2. **Analyze** - Representative source files are sampled and sent to the LLM along with the project structure. The LLM identifies the architecture pattern, components, API routes, database models, dead code candidates, and key observations.

3. **Generate** - Based on the analysis, DecipherCode can produce a README, architecture diagrams, or an archaeology report.
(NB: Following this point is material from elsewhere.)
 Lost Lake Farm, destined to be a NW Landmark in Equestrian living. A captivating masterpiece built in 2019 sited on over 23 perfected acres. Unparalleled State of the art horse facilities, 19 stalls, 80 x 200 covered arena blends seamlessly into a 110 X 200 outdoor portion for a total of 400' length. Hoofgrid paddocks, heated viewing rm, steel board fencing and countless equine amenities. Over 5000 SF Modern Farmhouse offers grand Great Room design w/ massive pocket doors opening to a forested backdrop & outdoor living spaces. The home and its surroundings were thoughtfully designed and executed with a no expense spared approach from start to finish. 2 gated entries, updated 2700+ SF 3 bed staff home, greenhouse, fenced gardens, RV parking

Each output type uses a specialized prompt designed to produce accurate, well-structured results.

4. **Interactive** - In Q&A mode, the full codebase context is loaded into the conversation, allowing you to ask natural language questions and get precise answers that reference specific files and functions.

## Upgrading

See [CHANGELOG.md](CHANGELOG.md) for what's new and [MIGRATION.md](MIGRATION.md) for breaking changes between releases.
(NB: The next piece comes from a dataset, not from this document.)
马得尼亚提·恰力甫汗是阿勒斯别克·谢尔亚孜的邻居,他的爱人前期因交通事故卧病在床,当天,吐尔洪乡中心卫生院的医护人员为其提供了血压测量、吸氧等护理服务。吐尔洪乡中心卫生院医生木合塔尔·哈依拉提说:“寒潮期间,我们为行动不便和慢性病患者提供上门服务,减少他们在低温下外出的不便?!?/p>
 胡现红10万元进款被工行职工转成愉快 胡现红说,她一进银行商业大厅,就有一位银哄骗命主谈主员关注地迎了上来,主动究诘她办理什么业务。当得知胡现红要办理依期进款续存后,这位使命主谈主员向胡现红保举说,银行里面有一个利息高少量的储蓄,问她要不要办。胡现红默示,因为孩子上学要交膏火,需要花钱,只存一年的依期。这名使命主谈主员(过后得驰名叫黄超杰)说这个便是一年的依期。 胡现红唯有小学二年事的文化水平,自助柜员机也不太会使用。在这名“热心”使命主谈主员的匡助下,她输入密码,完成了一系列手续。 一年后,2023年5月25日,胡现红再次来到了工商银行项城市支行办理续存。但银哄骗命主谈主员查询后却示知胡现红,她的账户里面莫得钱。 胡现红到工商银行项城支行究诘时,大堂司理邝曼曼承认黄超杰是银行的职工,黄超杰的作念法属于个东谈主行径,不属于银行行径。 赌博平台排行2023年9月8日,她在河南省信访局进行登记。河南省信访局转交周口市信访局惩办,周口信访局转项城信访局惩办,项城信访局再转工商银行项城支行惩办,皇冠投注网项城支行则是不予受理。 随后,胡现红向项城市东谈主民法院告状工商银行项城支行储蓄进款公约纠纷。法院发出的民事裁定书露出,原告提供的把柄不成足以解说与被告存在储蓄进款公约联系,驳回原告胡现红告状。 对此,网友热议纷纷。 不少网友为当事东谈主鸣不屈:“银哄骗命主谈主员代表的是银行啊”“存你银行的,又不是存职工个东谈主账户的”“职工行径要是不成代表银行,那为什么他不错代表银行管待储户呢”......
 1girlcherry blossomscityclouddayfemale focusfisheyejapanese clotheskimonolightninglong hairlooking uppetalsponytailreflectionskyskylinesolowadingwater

## Configuration Reference

| Environment Variable | Default | Description |
|---|---|---|
| `DECIPHER_API_BASE` | `http://localhost:11434/v1` | API base URL |
| `DECIPHER_API_KEY` | `ollama` | API key (use `ollama` for local Ollama) |
| `DECIPHER_MODEL` | `llama3` | Model name (or Azure deployment name) |
| `DECIPHER_API_PROVIDER` | *(auto-detected)* | Force a provider: `openai`, `azure`, or `anthropic` |
| `DECIPHER_API_VERSION` | `2024-10-21` | Azure OpenAI API version |

## Dependencies

- [Click](https://click.palletsprojects.com/) - CLI framework
- [OpenAI Python SDK](https://github.com/openai/openai-python) - OpenAI and Azure OpenAI client
- [Anthropic Python SDK](https://github.com/anthropics/anthropic-sdk-python) - Anthropic API client
- [Rich](https://rich.readthedocs.io/) - Terminal formatting and progress bars
- [GitPython](https://gitpython.readthedocs.io/) - Git history analysis
- [tiktoken](https://github.com/openai/tiktoken) - Token counting for prompt management
- [PyYAML](https://pyyaml.org/) - YAML config file parsing

## Development

```bash
# Install with dev dependencies
pip install -e ".[dev]"

# Run tests
pytest

# Run tests with coverage
pytest --cov=decipher

# Lint
ruff check decipher/ tests/
```

## Contributing

Contributions are welcome! Here's how to get involved:

1. **Report bugs** - Open an [issue](https://github.com/boricles/deciphercode/issues) with steps to reproduce
2. **Suggest features** - Describe the use case and expected behavior in an issue
3. **Submit PRs** - Fork the repo, create a feature branch, add tests, and open a pull request

Please keep PRs focused on a single change and ensure all tests pass before submitting.

## Acknowledgments

This project was built with [Claude Code](https://claude.ai/code) by Anthropic as the primary development tool. Architecture design, implementation, testing, and documentation were developed through collaborative AI-assisted programming.

## License

MIT License. See [LICENSE](LICENSE) for details.